Saints of the Roman Canon: Pope St. Cletus

saintc48Today we continue the list of the saints mentioned in the Roman Canon, and incidentally, we continue on down the line of the first popes.  Peter, of course, was the first, and St. Linus, who we discussed last week was the second, and that would make St. Cletus the third.  He is also referred to as St. Anacletus, so pick whichever name you prefer.  I’m going to stick with St. Cletus out of respect to our neighbors in St. Charles, for whom he is patron!

By all accounts, which are very, very few, St. Cletus was a Roman, born of Roman parents, and lived in Rome.  We don’t know much about his life prior to (or heck, even during) his papacy, but the fact that he was the third bishop of Rome shows his virtue among all the other disciples of St. Peter.

St.

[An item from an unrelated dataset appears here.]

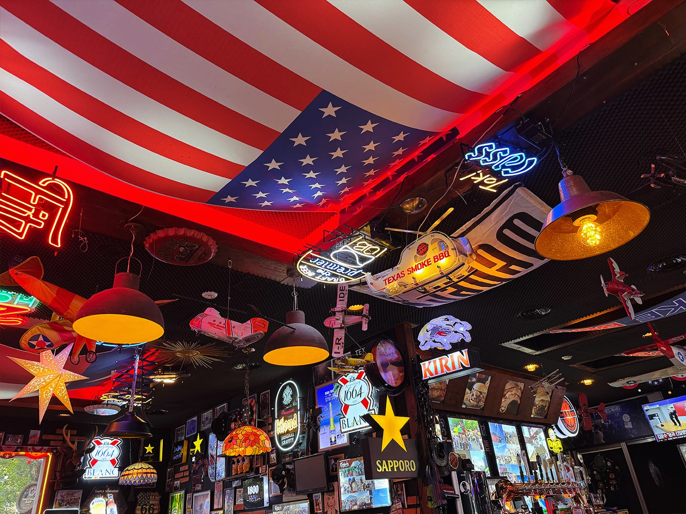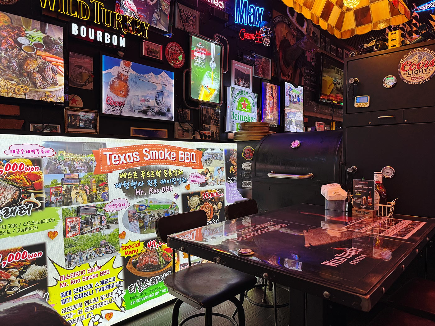 밖에서 봤을 땐 여기가 바비큐 맛집이 맞나.. 살짝 의아했었는데 가게 안으로 들어서면 완전 다른 곳 같은데요. 텍사스 바비큐와 너무 잘 어울리는 힙한 인테리어에 들어오기 전 생겼던 의구심이 사르르 녹는답니다. 소품들이 많은데 뭔가.. 잘 어울립니다 :-)

Cletus apparently wanted to do what he could to be more pastoral and take care of the needs of the people of Rome, and since the Roman Church was so large, he needed to harness his skills of organization to do it!  He was the first to establish 25 parishes in Rome, and ordained a number of priests to serve in them.  Incidentally, the 25 highest ranking Cardinals in the Church are still named as honorary pastors to these parishes today!

St. Cletus was martyred under the Emperor Domitian around 92 AD.  Domitian’s persecution was the first of the truly organized persecutions of Christians in the Empire.  Sure, Nero killed a number of Christians in 64 AD, including St. Peter and St. Paul, but for the most part, Nero was just lashing out.  Domitian’s persecution was organized and very harmful.  Those accused of being Christians were brought before a tribunal, and told to take the oath to the Roman Gods and the Emperor.  Not giving homage to these gods was considered unpatriotic and atheistic, so many of the early Christians were ironically tried as atheists.  When Christians refused the oath, they were condemned.  The victims were numerous, including Antipas (mentioned in Revelations 2:13) and members of the Emperor’s own household, which tells you how much Christianity had spread in just 60 years.  St. Cletus was one of those put to death as well, and was buried under St. Peter’s Basilica in Rome next to his predecessor, St. Linus.